Re: [PATCH v3] drm/amdgpu: annotate a false positive recursive locking

2020-08-11 Thread Christian König

Am 11.08.20 um 09:36 schrieb Chen, Guchun:

[AMD Public Use]


-   down_write(&adev->reset_sem);
+   if (hive) {
+   down_write_nest_lock(&adev->reset_sem, &hive->hive_lock);
+   } else
+   down_write(&adev->reset_sem);

Coding style nit pick: You should drop the {} here.

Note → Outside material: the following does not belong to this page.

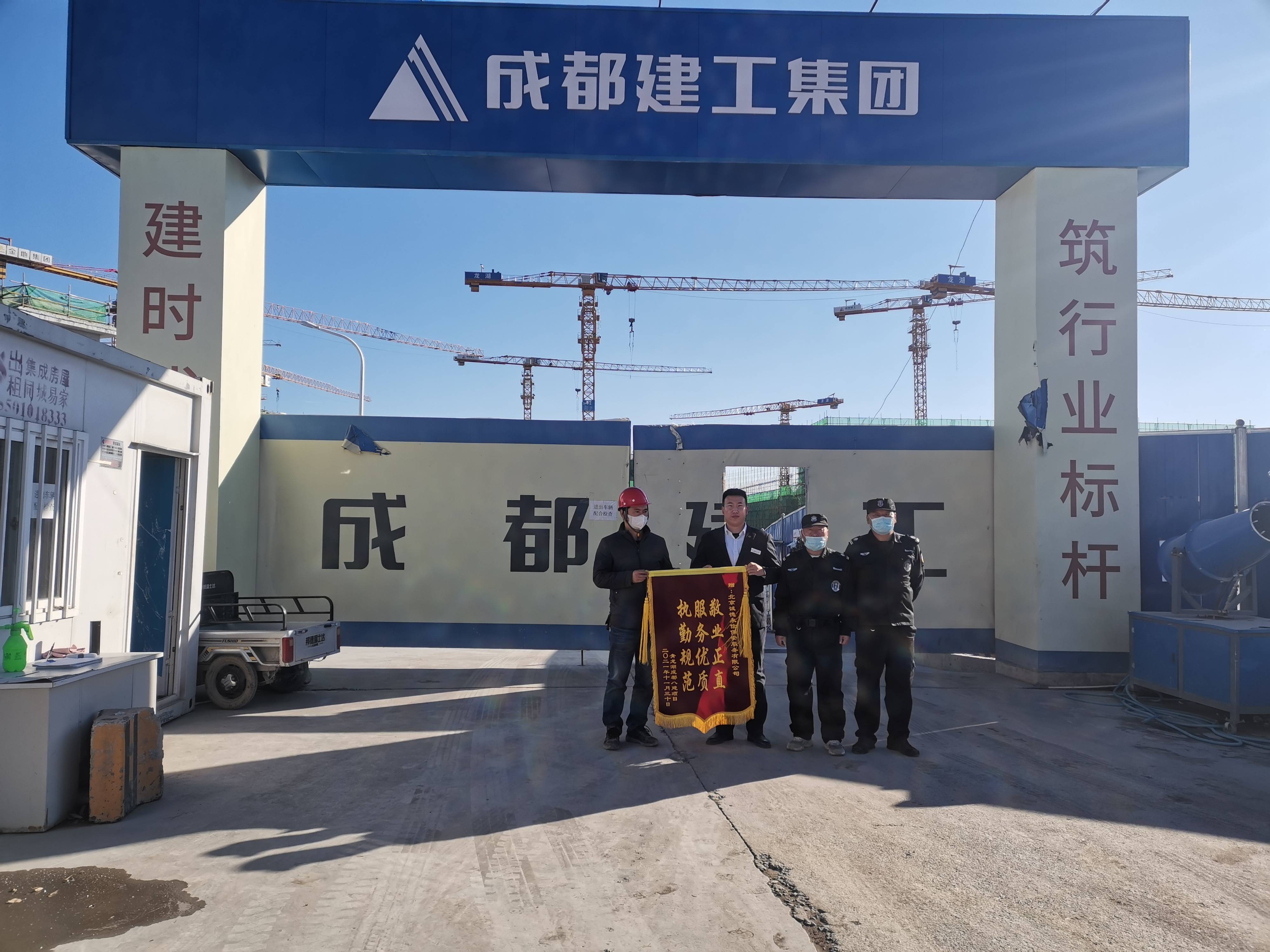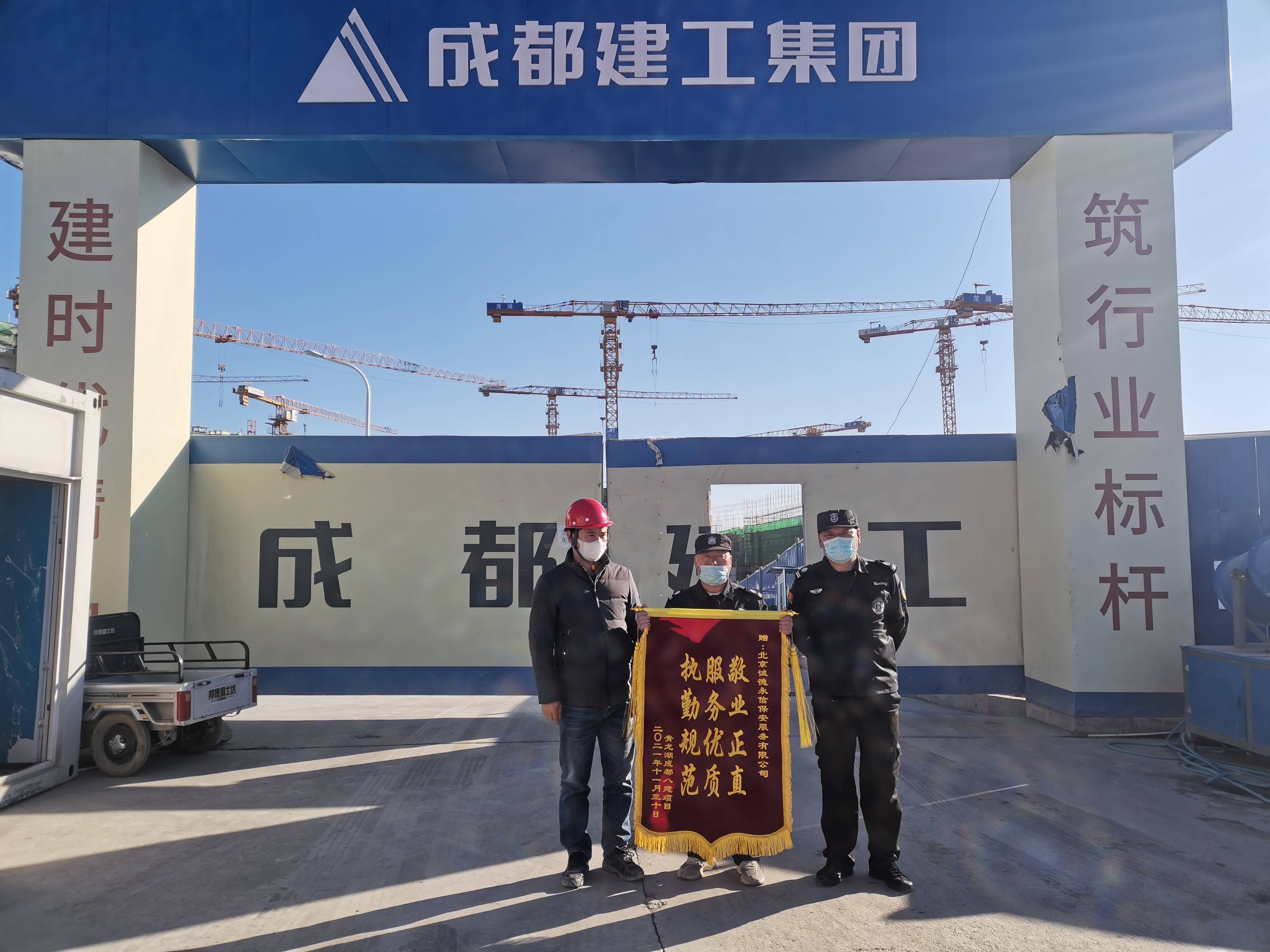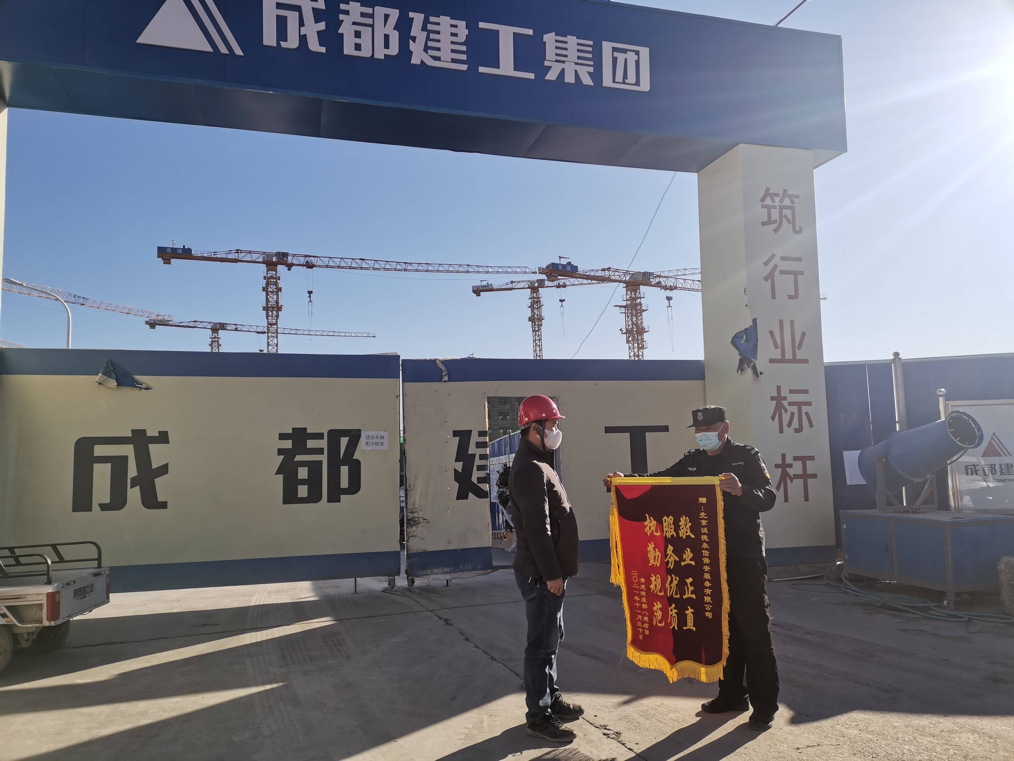 20211130日,我司驻青龙湖成都建工第八建筑工程有限公司房山分公司保安队收到甲方赠予的锦旗“ 执勤规范 服务优质 敬业正直”。

{} could not be dropped here, as down_write_nest_lock Is one macro with 
multiple lines, otherwise, build error would say 'else' missed one previous 
'if'.
Instead of dropping, another {} should be added to else to include 
down_write(&adev->reset_sem), which makes the braces been balanced.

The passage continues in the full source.